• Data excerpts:
-- Opening Marker --
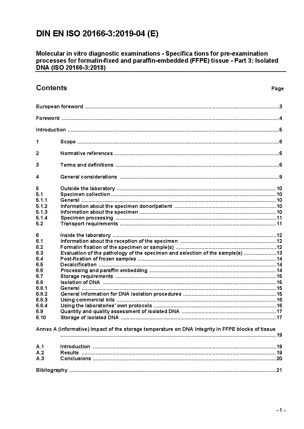 Molecular in vitro diagnostic examinations - Specifications for pre-examination processes for formalin-fixed and paraffin-embedded (FFPE) tissue - Part 3: Isolated DNA (ISO/DIS 20166-3:2016); German and English version prEN ISO 20166-3:2016
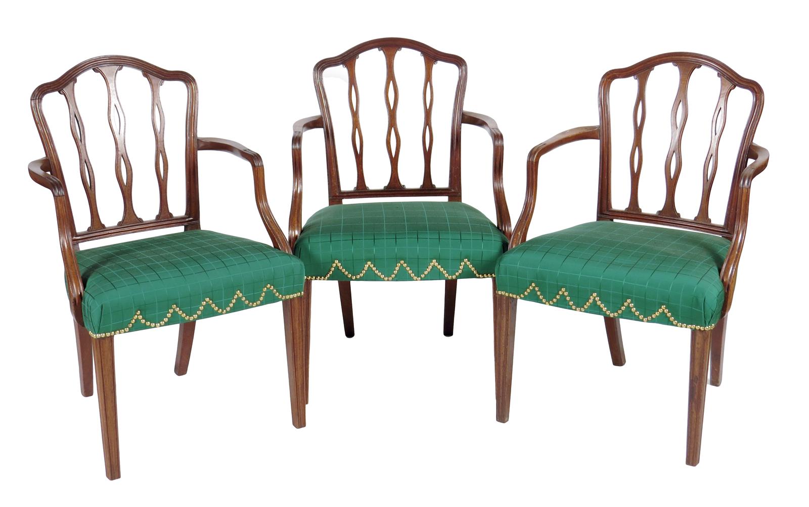 Three George III mahogany open armchairs, each with a triple pierced vertical splat back above a stuffed-over seat on moulded front legs, together with a pair of ebonised side chairs with matching green fabric seats. (5)
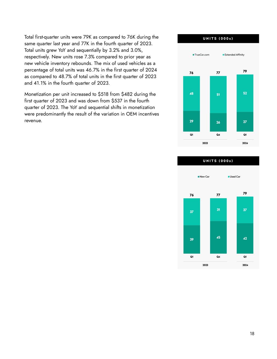 18 Total first-quarter units were 79K as compared to 76K during the same quarter last year and 77K in the fourth quarter of 2023. Total units grew YoY and sequentially by 3.2% and 3.0%, respectively. New units rose 7.3% compared to prior year as new vehicle inventory rebounds. The mix of used vehicles as a percentage of total units was 46.7% in the first quarter of 2024 as compared to 48.7% of total units in the first quarter of 2023 and 41.1% in the fourth quarter of 2023. Monetization per unit increased to $518 from $482 during the first quarter of 2023 and was down from $537 in the fourth quarter of 2023. The YoY and sequential shifts in monetization were predominantly the result of the variation in OEM incentives revenue.
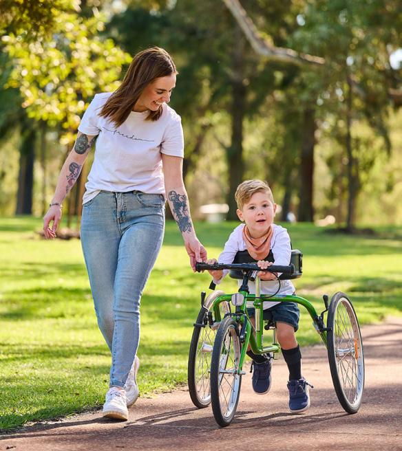 “Young children grow at such a rapid rate, it’s really hard to plan ahead and find the equipment that will suit their needs. Scott and the team help us plan for that, while making sure Naakin is safe and comfortable. And give him the opportunity to trial equipment so we can get it just right.”
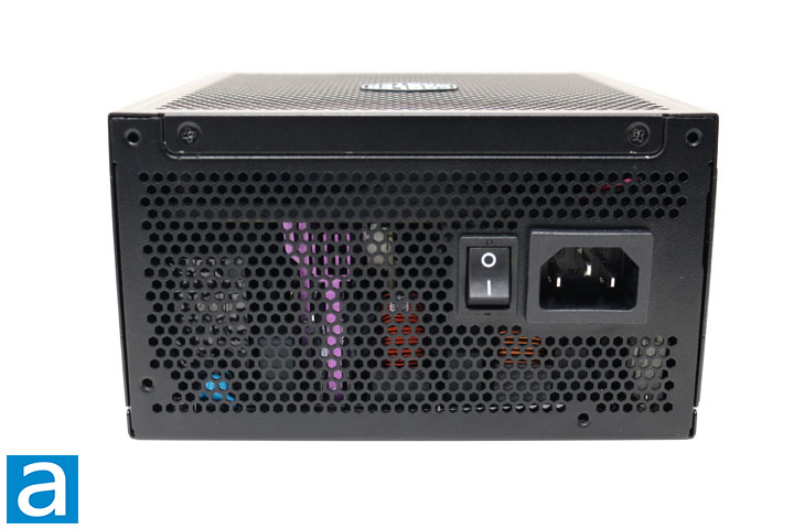 On this side of the power supply, we find the AC power socket and an on/off rocker switch. These two components take up minimal space in the honeycomb mesh, which means air that has pulled in from the bottom has the most room to leave. Providing clean lines of airflow is a valuable part of keeping the power supply cool under heavy loads. The honeycomb mesh also provides a glimpse of the interior of the power supply, allowing one to spot a few of the internal components, particularly a striking purple heatsink.
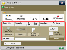 It is necessary to set <Use Scan Function> in [Use Scan/Print Function] to 'On' to scan originals into memory media. (See "Memory Media Settings.")
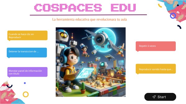Con la plataforma CoSpaces Edu, se simplifica la creación y codificación de animaciones, relatos, juegos y diversas experiencias que pueden disfrutarse mediante realidad aumentada (AR), realidad virtual (VR) o visualización de 360º directamente en el navegador. Además, presenta dos funcionalidades adicionales:
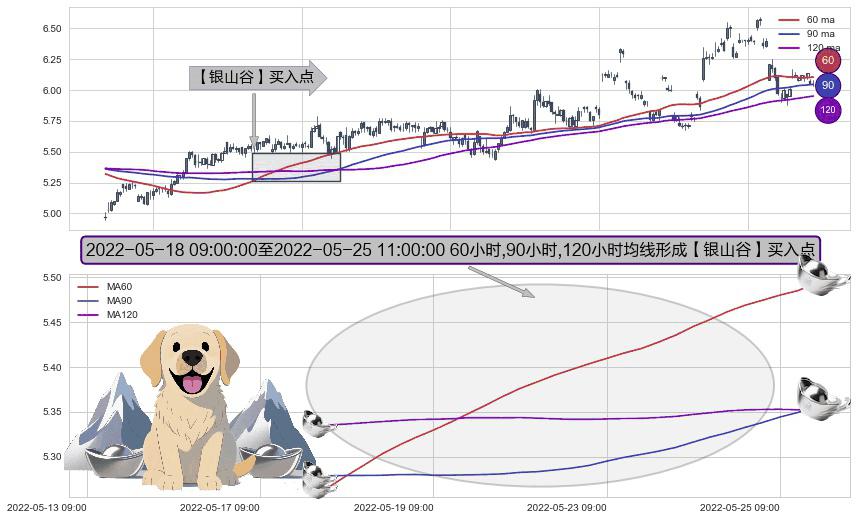 形态多维评估: ⚀ 2022-05-18 10:00:00-小时至2022-05-25 11:00:00-小时显现 60小时-90小时-120小时均线 【银山谷】买入点 看多信号,后市看涨,买入
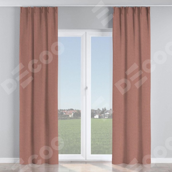 Комплект прямых штор, от производителя «Cortin», пошиты из ткани лён блэкаут розовый, артикул ткани 69575. С изнаночной стороны в верхней части штор пристрачивается шторная лента с декоративными складками «Кустик». Для создания элегантных складок прямые шторы шьются по стандарту с коэффициентом 1:2 (на 100 см. ширины проёма 200 см. ширины ткани).
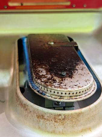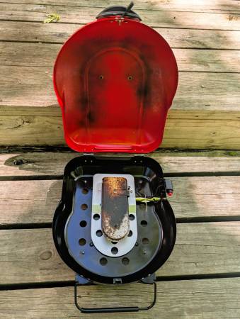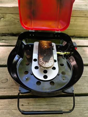 In good working condition. The push-button ignition can be unreliable at times, but the grill lights easily using a long match or lighter. Otherwise, functions as expected.
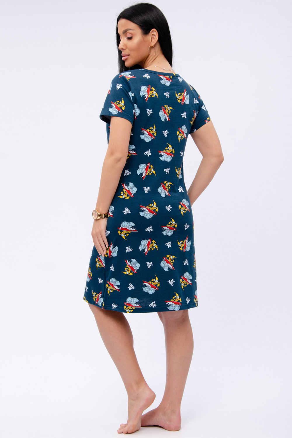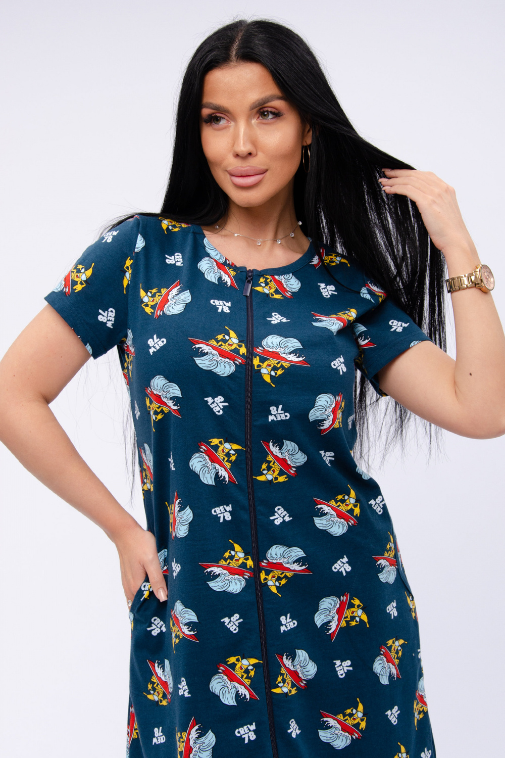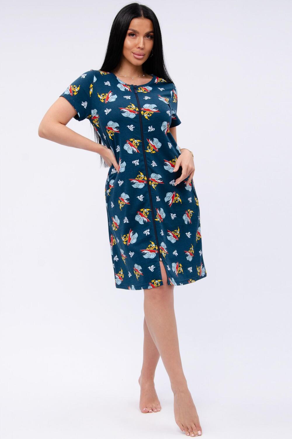 Женский халат на молнии. Рукав короткий. Красивый вырез на полочке. Халат прекрасно подойдет для дома, дачи и отдыха.
-- Closing Marker --
• EXERCISE:
In the records above, take every line from the opening one through the line with "Three George III" and repeat it exactly; pictures are not part of the copy.

• FINISHED TASK:
 Molecular in vitro diagnostic examinations - Specifications for pre-examination processes for formalin-fixed and paraffin-embedded (FFPE) tissue - Part 3: Isolated DNA (ISO/DIS 20166-3:2016); German and English version prEN ISO 20166-3:2016
 Three George III mahogany open armchairs, each with a triple pierced vertical splat back above a stuffed-over seat on moulded front legs, together with a pair of ebonised side chairs with matching green fabric seats. (5)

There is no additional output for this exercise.